*Entries shown:*
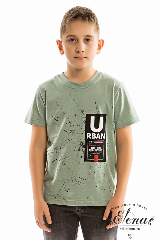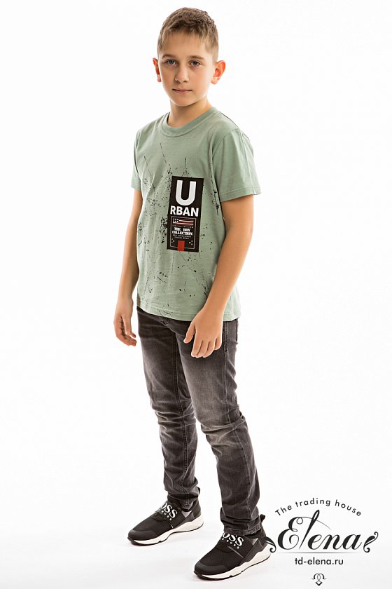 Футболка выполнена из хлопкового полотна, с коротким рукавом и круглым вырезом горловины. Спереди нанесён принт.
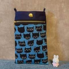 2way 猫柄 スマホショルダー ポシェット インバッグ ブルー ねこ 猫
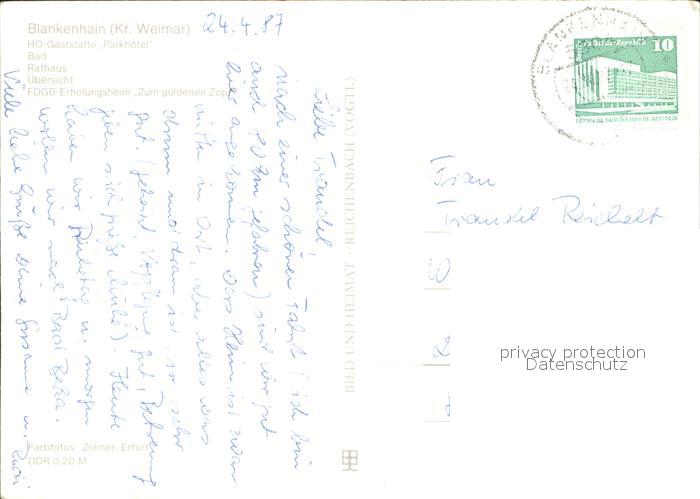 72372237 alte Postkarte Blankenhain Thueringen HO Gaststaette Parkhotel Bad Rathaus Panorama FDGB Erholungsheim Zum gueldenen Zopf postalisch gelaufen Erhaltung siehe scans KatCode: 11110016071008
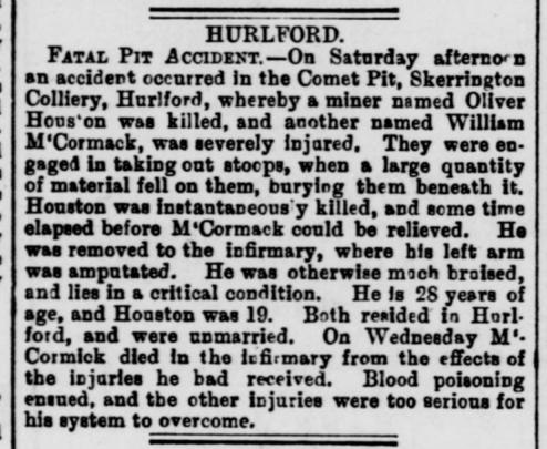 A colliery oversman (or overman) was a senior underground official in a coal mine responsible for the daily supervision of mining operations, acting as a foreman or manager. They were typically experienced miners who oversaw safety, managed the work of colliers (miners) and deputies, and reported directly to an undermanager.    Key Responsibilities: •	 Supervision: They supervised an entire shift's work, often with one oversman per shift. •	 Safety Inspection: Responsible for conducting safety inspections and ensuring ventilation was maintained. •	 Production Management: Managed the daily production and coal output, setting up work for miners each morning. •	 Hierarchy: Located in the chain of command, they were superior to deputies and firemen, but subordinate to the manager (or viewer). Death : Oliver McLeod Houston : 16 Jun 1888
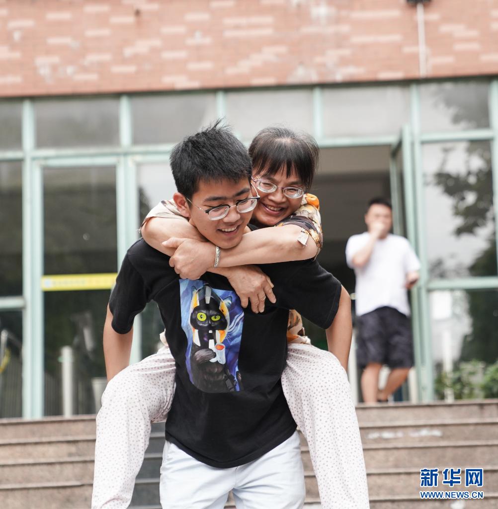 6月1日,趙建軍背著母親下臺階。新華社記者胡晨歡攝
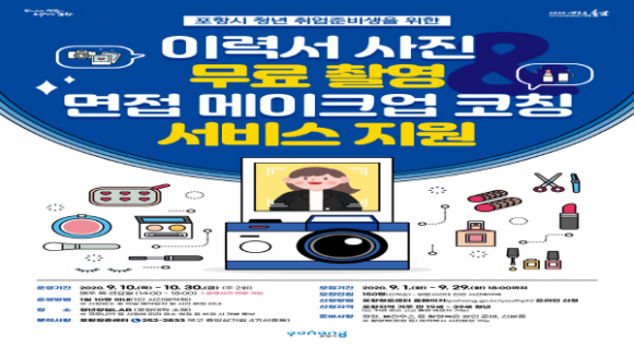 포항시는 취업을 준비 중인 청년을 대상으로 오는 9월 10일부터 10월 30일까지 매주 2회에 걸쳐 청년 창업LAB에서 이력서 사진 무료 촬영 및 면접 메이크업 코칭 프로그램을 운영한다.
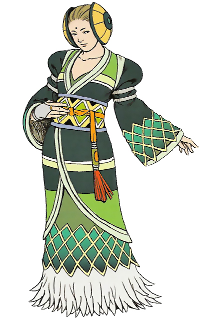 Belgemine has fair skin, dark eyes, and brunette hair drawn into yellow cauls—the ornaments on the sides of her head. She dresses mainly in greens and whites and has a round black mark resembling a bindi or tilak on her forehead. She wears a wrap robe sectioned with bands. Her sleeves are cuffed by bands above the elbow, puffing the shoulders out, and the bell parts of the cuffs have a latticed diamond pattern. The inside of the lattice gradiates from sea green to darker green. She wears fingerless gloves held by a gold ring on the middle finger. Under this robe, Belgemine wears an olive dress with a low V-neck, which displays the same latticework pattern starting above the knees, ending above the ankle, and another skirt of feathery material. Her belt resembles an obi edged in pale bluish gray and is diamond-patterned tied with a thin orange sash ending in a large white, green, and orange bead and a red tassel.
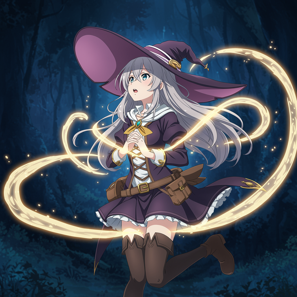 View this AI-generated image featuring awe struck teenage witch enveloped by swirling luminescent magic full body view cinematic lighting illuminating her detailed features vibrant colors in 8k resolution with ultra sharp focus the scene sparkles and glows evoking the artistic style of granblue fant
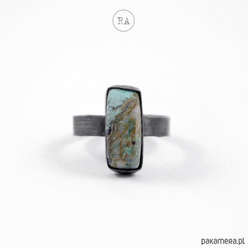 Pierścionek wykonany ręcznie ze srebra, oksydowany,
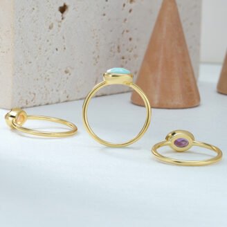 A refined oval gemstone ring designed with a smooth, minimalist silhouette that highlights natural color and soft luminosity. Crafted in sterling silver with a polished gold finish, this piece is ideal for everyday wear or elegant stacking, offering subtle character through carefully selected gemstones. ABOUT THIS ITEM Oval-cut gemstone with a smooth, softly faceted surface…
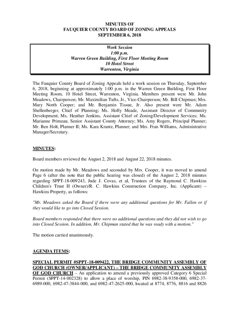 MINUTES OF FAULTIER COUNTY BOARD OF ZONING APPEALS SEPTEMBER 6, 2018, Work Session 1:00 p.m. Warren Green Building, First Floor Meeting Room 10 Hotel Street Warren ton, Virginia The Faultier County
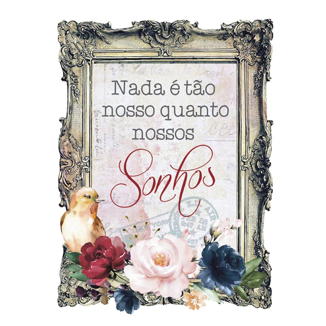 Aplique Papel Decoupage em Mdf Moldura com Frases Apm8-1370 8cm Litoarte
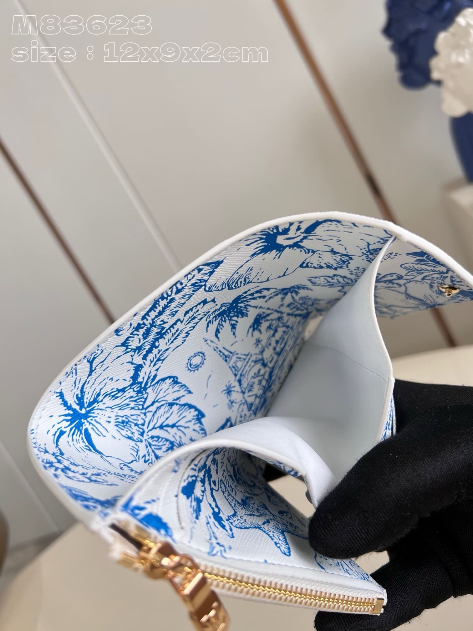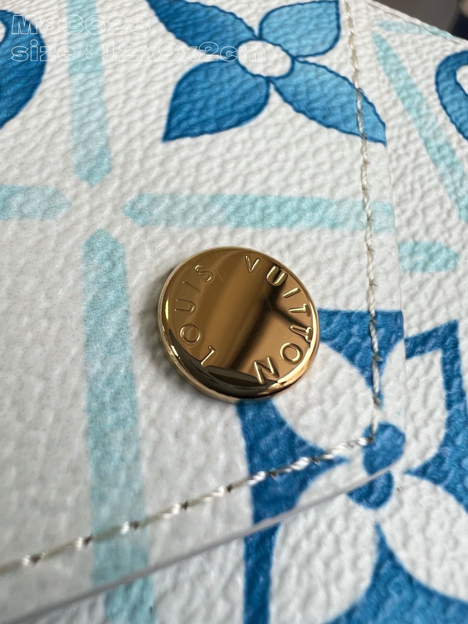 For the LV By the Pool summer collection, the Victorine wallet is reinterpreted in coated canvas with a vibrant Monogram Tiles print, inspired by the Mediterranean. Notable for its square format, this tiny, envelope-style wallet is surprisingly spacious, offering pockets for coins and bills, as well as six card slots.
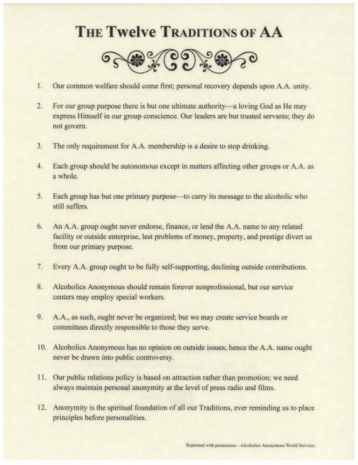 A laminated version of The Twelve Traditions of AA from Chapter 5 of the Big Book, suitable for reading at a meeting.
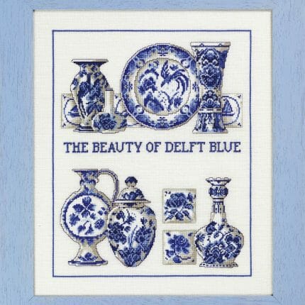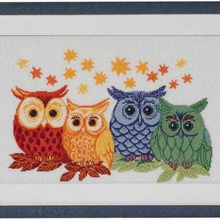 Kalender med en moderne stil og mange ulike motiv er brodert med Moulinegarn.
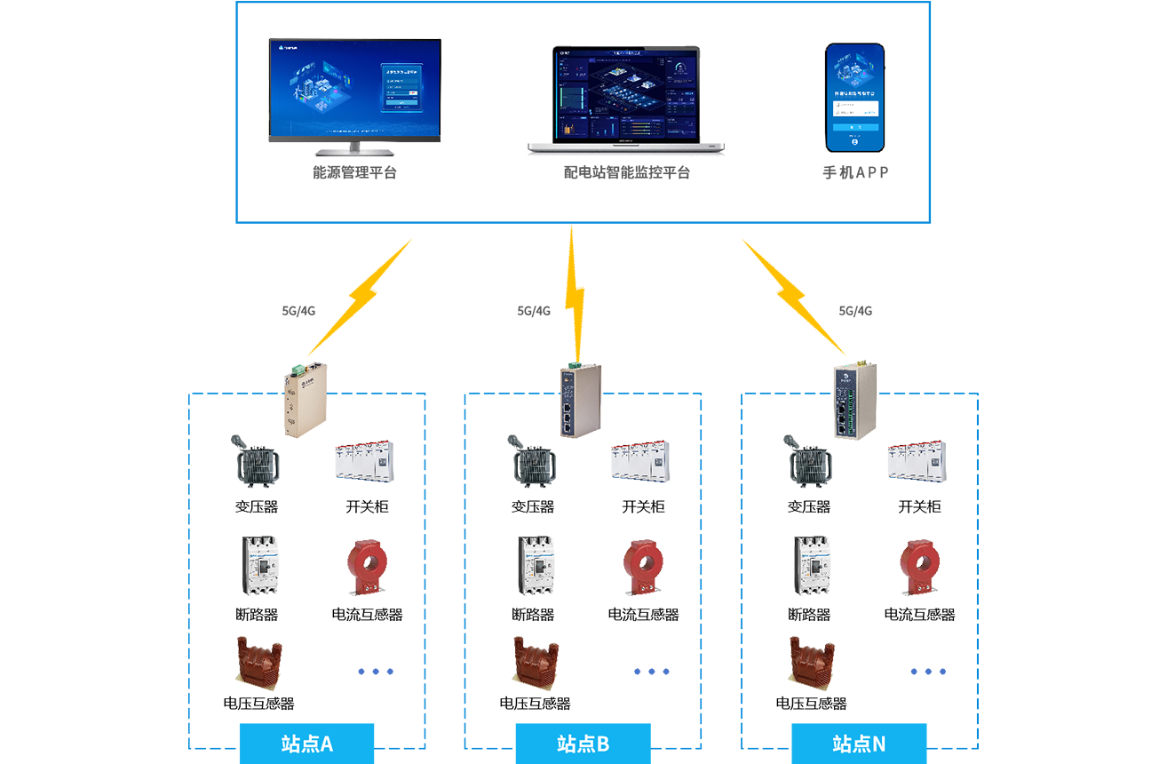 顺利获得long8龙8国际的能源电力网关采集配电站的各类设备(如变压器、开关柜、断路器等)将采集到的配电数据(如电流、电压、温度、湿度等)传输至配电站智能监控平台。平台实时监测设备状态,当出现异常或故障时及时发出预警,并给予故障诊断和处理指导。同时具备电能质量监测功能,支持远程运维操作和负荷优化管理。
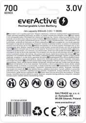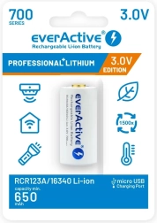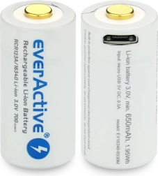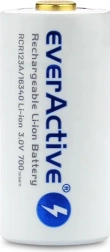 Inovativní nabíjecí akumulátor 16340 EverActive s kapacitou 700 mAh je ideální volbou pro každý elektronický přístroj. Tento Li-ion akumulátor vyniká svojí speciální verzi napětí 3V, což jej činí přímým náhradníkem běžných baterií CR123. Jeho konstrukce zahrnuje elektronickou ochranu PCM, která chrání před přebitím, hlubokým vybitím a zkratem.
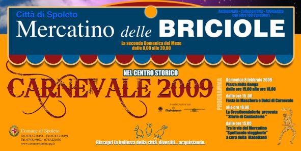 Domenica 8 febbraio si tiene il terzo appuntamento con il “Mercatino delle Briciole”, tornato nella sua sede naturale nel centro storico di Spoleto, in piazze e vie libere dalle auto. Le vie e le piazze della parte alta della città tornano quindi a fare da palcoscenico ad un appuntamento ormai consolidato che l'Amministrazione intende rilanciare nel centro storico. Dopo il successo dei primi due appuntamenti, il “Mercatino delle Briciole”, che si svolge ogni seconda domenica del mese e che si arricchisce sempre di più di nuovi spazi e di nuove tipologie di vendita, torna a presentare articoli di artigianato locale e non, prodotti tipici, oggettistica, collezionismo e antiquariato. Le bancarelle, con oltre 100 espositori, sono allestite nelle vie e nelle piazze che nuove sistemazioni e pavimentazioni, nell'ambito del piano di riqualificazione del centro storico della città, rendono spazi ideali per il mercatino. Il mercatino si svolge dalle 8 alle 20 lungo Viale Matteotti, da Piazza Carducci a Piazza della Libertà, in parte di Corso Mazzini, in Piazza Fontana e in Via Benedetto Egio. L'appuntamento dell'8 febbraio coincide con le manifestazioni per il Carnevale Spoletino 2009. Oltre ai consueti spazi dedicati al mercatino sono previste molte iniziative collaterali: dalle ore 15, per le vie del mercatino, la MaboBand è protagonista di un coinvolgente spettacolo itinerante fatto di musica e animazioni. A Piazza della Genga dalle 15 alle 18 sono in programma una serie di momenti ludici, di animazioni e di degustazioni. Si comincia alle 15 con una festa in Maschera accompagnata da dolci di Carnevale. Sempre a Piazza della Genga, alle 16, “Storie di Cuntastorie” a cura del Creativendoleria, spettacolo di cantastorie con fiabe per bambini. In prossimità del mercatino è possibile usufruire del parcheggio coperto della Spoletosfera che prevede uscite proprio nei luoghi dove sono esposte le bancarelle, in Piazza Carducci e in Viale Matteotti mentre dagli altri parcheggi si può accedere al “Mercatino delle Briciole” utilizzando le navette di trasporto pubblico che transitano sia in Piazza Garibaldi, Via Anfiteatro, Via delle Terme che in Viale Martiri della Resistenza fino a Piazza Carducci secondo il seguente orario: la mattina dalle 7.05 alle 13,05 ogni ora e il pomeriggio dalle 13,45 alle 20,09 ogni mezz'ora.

*Task to carry out:*
Go back to the listing above and reproduce, exactly, the stretch from the line bearing "MINUTES OF FAULTIER" through the line bearing "Kalender med en", without its pictures.

*The completed task:*
 MINUTES OF FAULTIER COUNTY BOARD OF ZONING APPEALS SEPTEMBER 6, 2018, Work Session 1:00 p.m. Warren Green Building, First Floor Meeting Room 10 Hotel Street Warren ton, Virginia The Faultier County
 Aplique Papel Decoupage em Mdf Moldura com Frases Apm8-1370 8cm Litoarte
 For the LV By the Pool summer collection, the Victorine wallet is reinterpreted in coated canvas with a vibrant Monogram Tiles print, inspired by the Mediterranean. Notable for its square format, this tiny, envelope-style wallet is surprisingly spacious, offering pockets for coins and bills, as well as six card slots.
 A laminated version of The Twelve Traditions of AA from Chapter 5 of the Big Book, suitable for reading at a meeting.
 Kalender med en moderne stil og mange ulike motiv er brodert med Moulinegarn.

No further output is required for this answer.